僕の雨
冷たい雨が降っていた。
しとしとと弱く降り続ける雨は、今朝から止むことなく降り続けていた。
公園の時計の針がちょうど「レ」の字になったころだった。
隆広は無我夢中で公園を斜めに走り抜けて行った。
目覚まし時計を寝ている間に飼い猫のポチに壊されていたため、予定より1時間遅く起きてしまったのだ。
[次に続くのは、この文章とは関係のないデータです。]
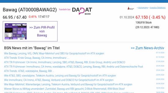 Bawag am 1.10. -3,45%, Volumen 100% normaler Tage
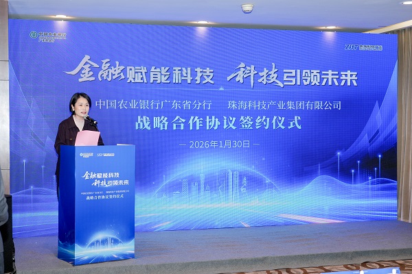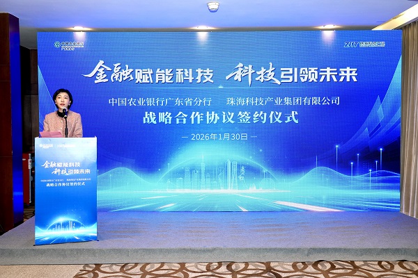 1月30日,珠海科技产业集团与中国农业银行广东省分行在广州签署全面战略合作协议暨独立授信合作。农行广东省分行党委书记、行长刘明尧,珠海科技产业集团党委书记、董事长由杨共同见证签约。农行广东省分行副行长胡艳、李美佳,珠海科技产业集团党委副书记、总经理郭瑾出席仪式。

時計を見て飛び起きた隆広は、お気に入りの赤縁メガネをかけ、ゆるゆるの腕時計を身につけて、食パンを咥えながら勢いよく家をでた。
しかし、外はあいにくの雨。
自転車で出発しようとしていた隆広はしかたなく走って出発することにした。
そしていまに至るのだ。
いつもの駅への道を走っていると前からタクシーがやってきた。
何事もなくすれ違おうとしたその時、後部座席に女性が乗っていることに気付いた。
隆広は一瞬で心を奪われた。
色白で細身の体、黒髪のロングが綺麗なひとだった。
気づかぬうちにその女性に目を奪われていると、大きくてごつごつしたまるで岩のようなものにぶつかった。
隆広はそのままふんぞりがえってしまった。
大きな岩のようなものの正体は身長190cmはゆうに越している巨漢だった。
大根のように太く、硬い腕がその男の力強さを物語っていた。
「すいません。」
隆広の口から自然にでた一言だった。
3秒ほど目があった。
やられる、、と思ったその時、大男は無言で立ち去って行った。
隆広は濡れたコンクリートの上に座りながらふと我に帰った。
「やばい。」
とまた走り出した。
尾崎隆広は燐応大学の2年生で、やせ細った身体と赤縁メガネが特徴の普通の大学生だった。
その日、学校は休みで友達と映画を見る約束をしていた。
オーズバーン監督の最新作【うさぎとネズミ】をとても楽しみにしていた。
開演5分前に到着した隆広は友達と合流し、トイレを済ませ映画をみはじめた。
まさかこれから、あんなことが起こるともしらずに。